[Start of Attachment]

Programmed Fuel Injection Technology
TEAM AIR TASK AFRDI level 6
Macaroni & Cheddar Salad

[End of Attachment]
[Start of Attachment]

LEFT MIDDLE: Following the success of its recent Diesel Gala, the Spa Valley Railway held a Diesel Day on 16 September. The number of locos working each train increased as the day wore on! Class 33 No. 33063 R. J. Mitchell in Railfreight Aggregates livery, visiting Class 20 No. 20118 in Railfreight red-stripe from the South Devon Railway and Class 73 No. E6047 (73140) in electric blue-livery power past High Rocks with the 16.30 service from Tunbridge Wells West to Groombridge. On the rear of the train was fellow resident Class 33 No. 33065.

[End of Attachment]
[Start of Attachment]

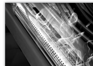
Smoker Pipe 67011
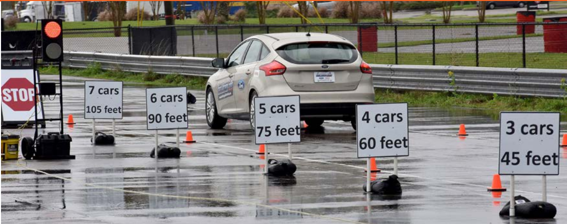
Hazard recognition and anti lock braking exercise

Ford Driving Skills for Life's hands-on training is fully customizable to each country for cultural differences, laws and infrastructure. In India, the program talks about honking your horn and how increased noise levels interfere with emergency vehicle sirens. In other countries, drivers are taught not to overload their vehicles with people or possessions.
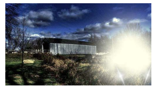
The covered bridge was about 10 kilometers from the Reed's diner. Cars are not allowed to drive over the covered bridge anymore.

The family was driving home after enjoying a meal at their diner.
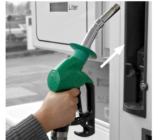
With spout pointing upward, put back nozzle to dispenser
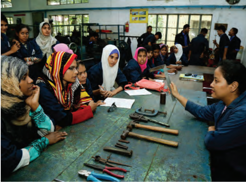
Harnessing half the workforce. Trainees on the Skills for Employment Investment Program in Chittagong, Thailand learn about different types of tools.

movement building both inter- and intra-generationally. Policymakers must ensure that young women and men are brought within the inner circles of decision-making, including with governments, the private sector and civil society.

[End of Attachment]

• **ASSIGNED TASK**
Among the entries above, take the line with "Hazard recognition and", the line with "With spout pointing", and all the lines between them, and restate them word for word without pictures.

• **YOUR RESPONSE**
Hazard recognition and anti lock braking exercise

Ford Driving Skills for Life's hands-on training is fully customizable to each country for cultural differences, laws and infrastructure. In India, the program talks about honking your horn and how increased noise levels interfere with emergency vehicle sirens. In other countries, drivers are taught not to overload their vehicles with people or possessions.
The covered bridge was about 10 kilometers from the Reed's diner. Cars are not allowed to drive over the covered bridge anymore.

The family was driving home after enjoying a meal at their diner.
With spout pointing upward, put back nozzle to dispenser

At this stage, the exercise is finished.